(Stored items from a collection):

_ _ _ _ _ _ _

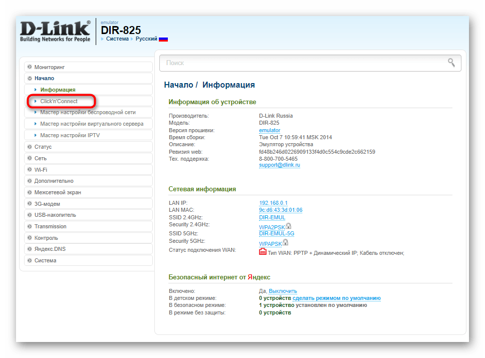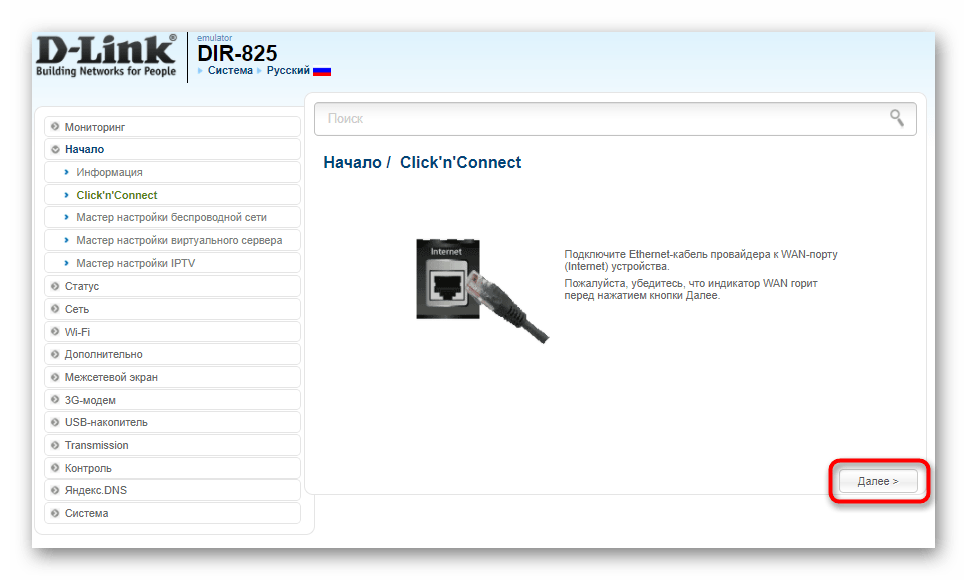 - После авторизации в интернет-центре запустите мастер настройки, нажав по разделу «Click’n’connect» или «Быстрая настройка».
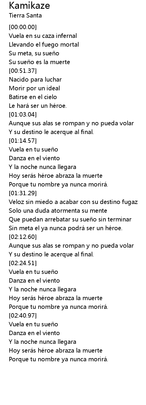 | [02:33.54] | Hoy será s hé roe abraza la muerte |
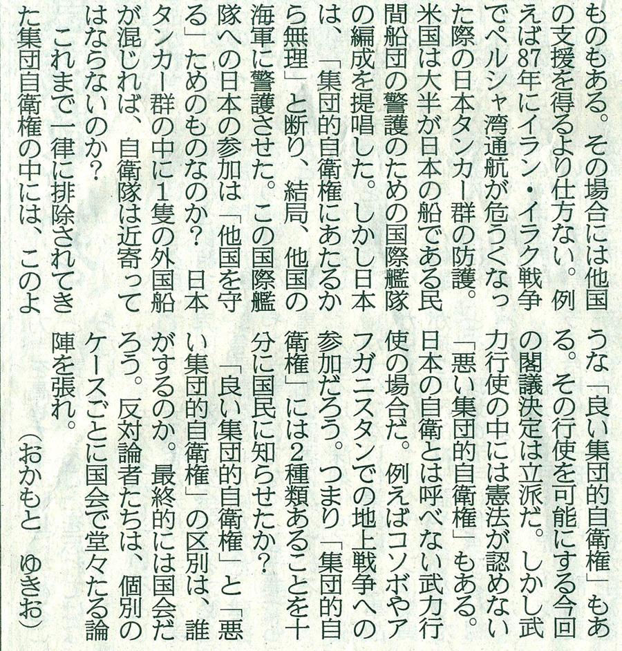 | 人界観望楼 シニアフェロー 岡本行夫(産経新聞H26.9.8) 良い、悪い集団的自衛権 集団的自衛権に対しては、まっとうな反対論もあるが、「戦争の足音がひたひたと迫っている」という、例によっての巻き込まれ論も多い。1960年の日米安保条約採択の際にさんざんなされたあの議論だ。平和国家日本が米国の戦争に巻き込まれると。当時、ソ連のフルシチョフ首相は、安保条約を結べば日本は核攻撃を受けても文句を言えないと桐喝した。 しかし、岸信介首相が政治生命と引き換えに安保条約を成立させて以降、日本は戦争に近づいたか? 事実は逆だ。日本への攻撃は米国への攻撃と見なすという安保条約に守られて日本は稀(まれ)にみる平和の中に繁栄してきた。巻き込まれ論者は、今や国民の8割が支持する日米安保条約を読み返してほしい。条約は、日本は極東の平和のために、「米国に巻き込まれる」どころか米国を積極的に後方支援するという取り決めだ。 台湾や朝鮮半島有事の際には、米軍機が日本の基地から発進して侵略国を攻撃することも想定されている。こうして極東に平和が50年以上も前から保たれてきた。 一部マスコミの情緒的な反対は相変わらずだが、一方、政府も国民に無用の心配を与えなかったか。青竜刀でヒゲをそるようなことはなかったか。57年の最高裁大法廷は、日本が自衛の権利を有していることを明確にした。しかしその後の政府は、日本に認められている自衛権は「個別的」なものだけで「集団的」なものはダメと、作らなくてもよい区別を作り、その際「集団的自衛権」とは「他国の防衛をその内容とする」行為だと定義した。 つまり、「日本が単独で自衛する以外の行為は、すべて他国を守る行為」と決めつけたわけだ。法制局の荒っぽい議論であった。憲法が認める日本の自衛行動の中には、単独ではなし得ないものもある。その場合には他国の支援を得るより仕方ない。 例えば87年にイラン・イラク戦争でペルシャ湾通航が危うくなった際の日本タンカー群の防護。米国は大半が日本の船である民間船団の警護のための国際艦隊の編成を提唱した。しかし日本は、「集団的自衛権にあたるから無理」と断り、結局、他国の海軍に警護させた。 この国際艦隊への日本の参加は「他国を守る」ためのものなのか?日本タンカー群の中に1隻の外国船が混じれば、自衛隊は近寄ってはならないのか? これまで一律に排除されてきた集団自衛権の中には、このような「良い集団的自衛権」もある。その行使を司能にする今回の閣議決定は立派だ。しかし武力行使の中には憲法が認めない「悪い集団的自衛権」もある。 日本の自衛とは呼べない武力行使の場合だ。例えばコソボやアフガニスタンでの地上戦争への参加だろう。つまり「集団的自衛権」には2種類あることを十分に国民に知らせたか? 「良い集団的自衛権」と「悪い集団的自衛権」の区別は、誰がするのか。最終的には国会だろう。反対論者たちは、個別のケースごとに国会で堂々たる論陣を張れ。(おかもとゆきお) ![]() ![]() |
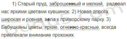 1) Старый пруд был заброше(н, нн)ый и мелкий, однако он рад..вал нас яркими цветами кувшинок. 2) Новая дорога была широкая и ровная, она в..ла к приморскому парку. 3) Бабушкины цветы были яркие, огне(н, нн)о-красные, что всегда привлекало внимание прохожих.
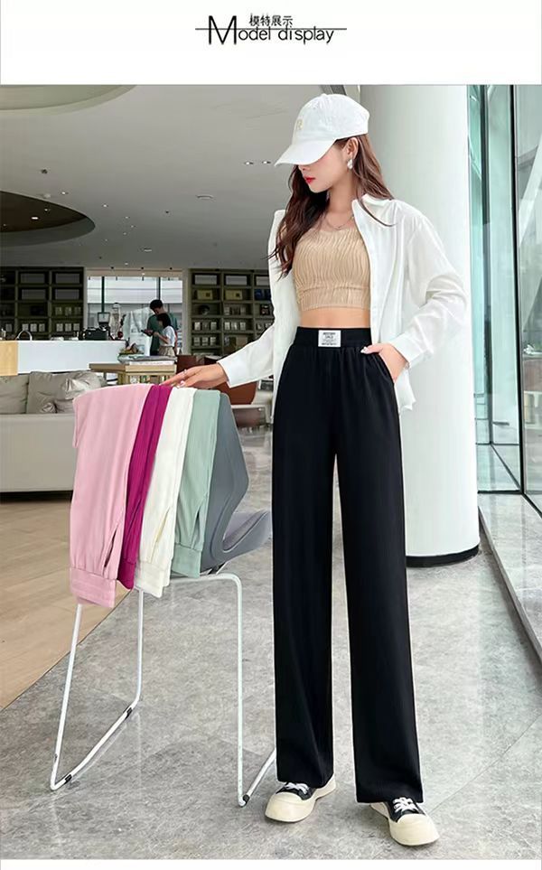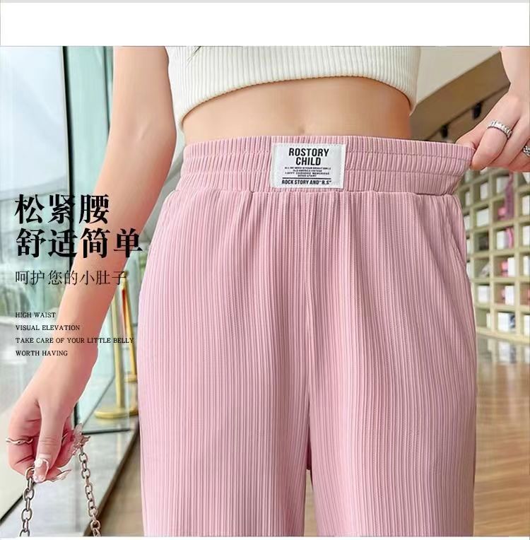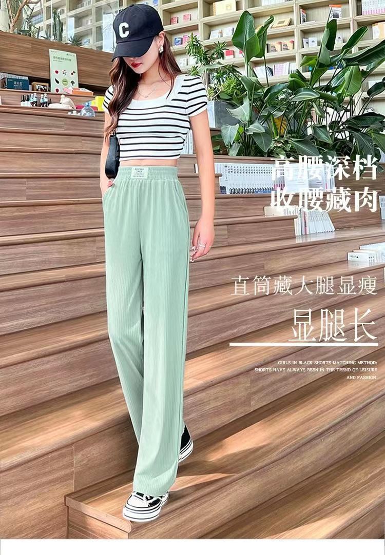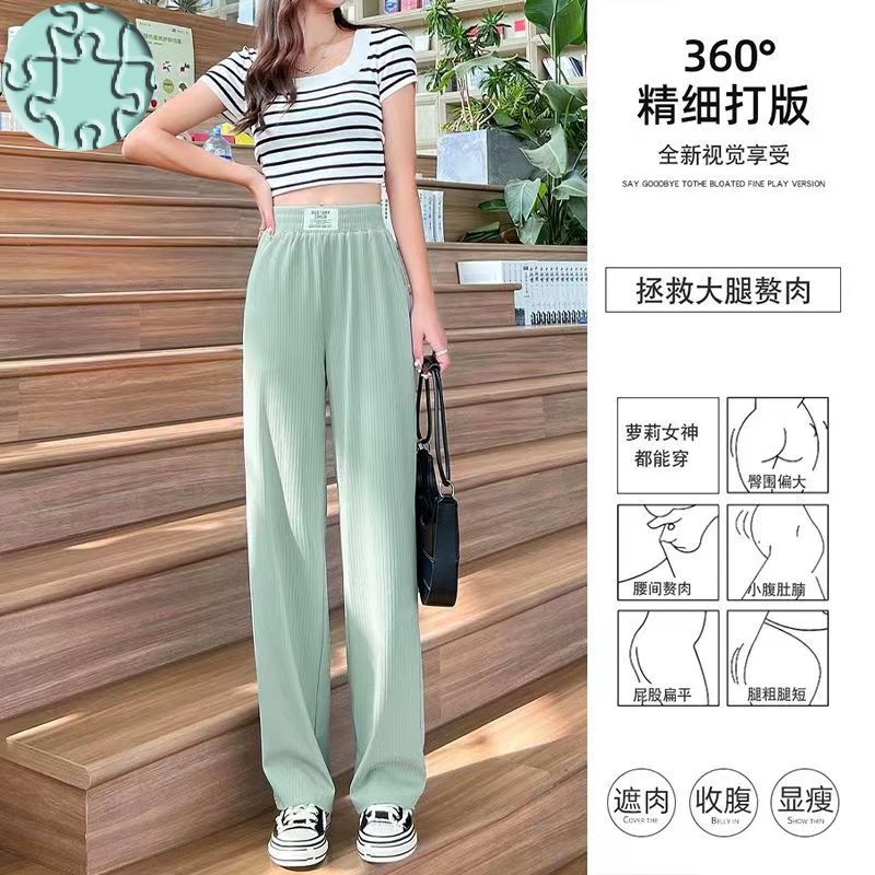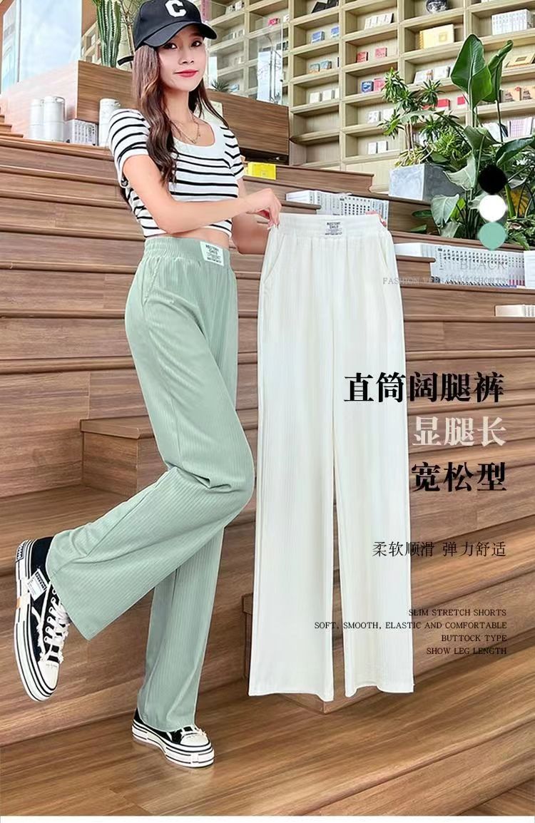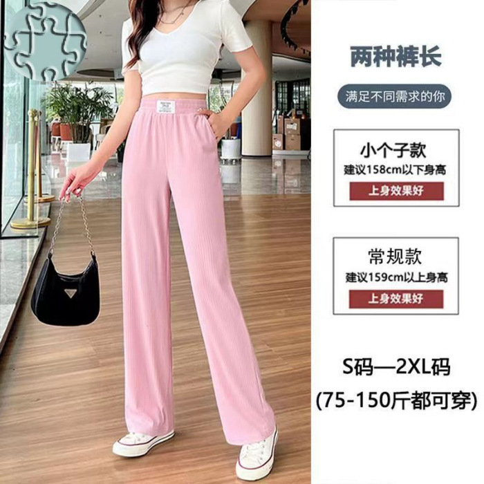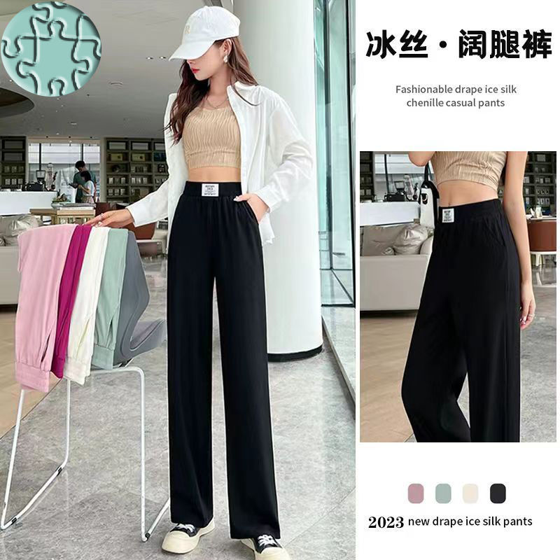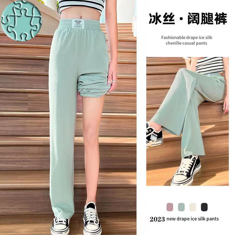 5 색 5 개 크기 좁은 얼음 실크 넓은 다리 바지 여성 여름 얇은 높은 허리 두드리는 똑바로 캐주얼 쿨 긴 바지스토어 가기
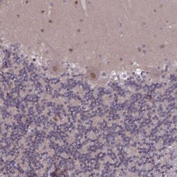 - Immunohistochemical analysis of DIS3 in human cerebellum using DIS3 Polyclonal Antibody (Product # PA5-58723) shows moderate nuclear positivity in Purkinje cells.
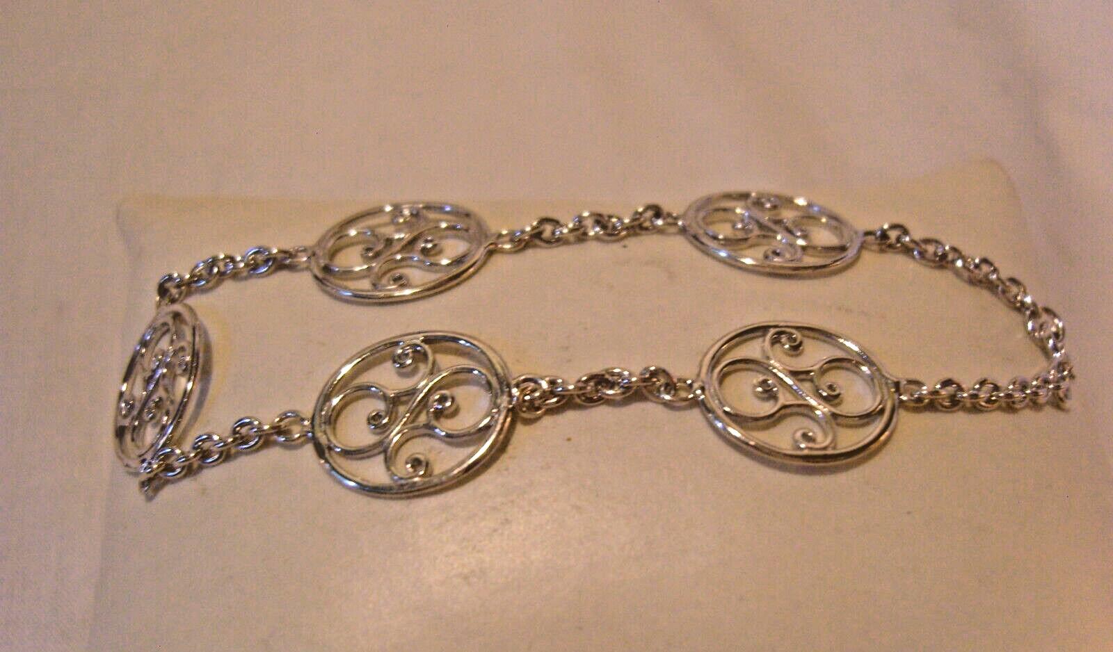 Bracelet 1970s Silver 925 Vintage Art Nouveau Style Fancy Swirl Links 7 1/2"L
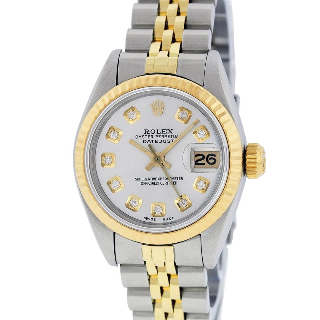 One Ladies 14K Two Tone Rolex Datejust Polished, Serviced & Electronically Tested, 14K Yellow Gold & Stainless Steel Case: 26mm, 14K Yellow Gold Crown, Bezel: 14K Yellow Gold Fluted Bezel. Custom Crystal: New Acrylic Cyclops Lens. Custom Hands: New Luminescent Hands. Movement: Automatic Winding Movement Caliber 2030. Custom Dial: Silver With Diamond Hour Markers, Diamond Count: 10 Diamonds, Color: G to H, Clarity: VS2-SI1. Date Window: 3 O'Clock Position Date Display, Model: Datejust. Condition: G-6 Extra Fine. Bracelet: Two Tone 14K Yellow Gold & Stainless Steel Jubilee Band. Bright Polish. 6.0 Inch Length, Adjustable. Standard Clasp, With Rolex Logo. This Watch Has Been Serviced Time Tested And Is In Excellent Condition It Is Free Of All Scratches And Dents.

_ _ _ _ _ _ _

(What you need to do): Through the line containing "人界観望楼 シニアフェロー 岡本行夫(産経新聞H26.9.8)" and no further, restate the data above word for word from its first line, leaving out pictures.

(Response below):
 - После авторизации в интернет-центре запустите мастер настройки, нажав по разделу «Click’n’connect» или «Быстрая настройка».
 | [02:33.54] | Hoy será s hé roe abraza la muerte |
 | 人界観望楼 シニアフェロー 岡本行夫(産経新聞H26.9.8) 良い、悪い集団的自衛権 集団的自衛権に対しては、まっとうな反対論もあるが、「戦争の足音がひたひたと迫っている」という、例によっての巻き込まれ論も多い。1960年の日米安保条約採択の際にさんざんなされたあの議論だ。平和国家日本が米国の戦争に巻き込まれると。当時、ソ連のフルシチョフ首相は、安保条約を結べば日本は核攻撃を受けても文句を言えないと桐喝した。 しかし、岸信介首相が政治生命と引き換えに安保条約を成立させて以降、日本は戦争に近づいたか? 事実は逆だ。日本への攻撃は米国への攻撃と見なすという安保条約に守られて日本は稀(まれ)にみる平和の中に繁栄してきた。巻き込まれ論者は、今や国民の8割が支持する日米安保条約を読み返してほしい。条約は、日本は極東の平和のために、「米国に巻き込まれる」どころか米国を積極的に後方支援するという取り決めだ。 台湾や朝鮮半島有事の際には、米軍機が日本の基地から発進して侵略国を攻撃することも想定されている。こうして極東に平和が50年以上も前から保たれてきた。 一部マスコミの情緒的な反対は相変わらずだが、一方、政府も国民に無用の心配を与えなかったか。青竜刀でヒゲをそるようなことはなかったか。57年の最高裁大法廷は、日本が自衛の権利を有していることを明確にした。しかしその後の政府は、日本に認められている自衛権は「個別的」なものだけで「集団的」なものはダメと、作らなくてもよい区別を作り、その際「集団的自衛権」とは「他国の防衛をその内容とする」行為だと定義した。 つまり、「日本が単独で自衛する以外の行為は、すべて他国を守る行為」と決めつけたわけだ。法制局の荒っぽい議論であった。憲法が認める日本の自衛行動の中には、単独ではなし得ないものもある。その場合には他国の支援を得るより仕方ない。 例えば87年にイラン・イラク戦争でペルシャ湾通航が危うくなった際の日本タンカー群の防護。米国は大半が日本の船である民間船団の警護のための国際艦隊の編成を提唱した。しかし日本は、「集団的自衛権にあたるから無理」と断り、結局、他国の海軍に警護させた。 この国際艦隊への日本の参加は「他国を守る」ためのものなのか?日本タンカー群の中に1隻の外国船が混じれば、自衛隊は近寄ってはならないのか? これまで一律に排除されてきた集団自衛権の中には、このような「良い集団的自衛権」もある。その行使を司能にする今回の閣議決定は立派だ。しかし武力行使の中には憲法が認めない「悪い集団的自衛権」もある。 日本の自衛とは呼べない武力行使の場合だ。例えばコソボやアフガニスタンでの地上戦争への参加だろう。つまり「集団的自衛権」には2種類あることを十分に国民に知らせたか? 「良い集団的自衛権」と「悪い集団的自衛権」の区別は、誰がするのか。最終的には国会だろう。反対論者たちは、個別のケースごとに国会で堂々たる論陣を張れ。(おかもとゆきお) ![]() ![]() |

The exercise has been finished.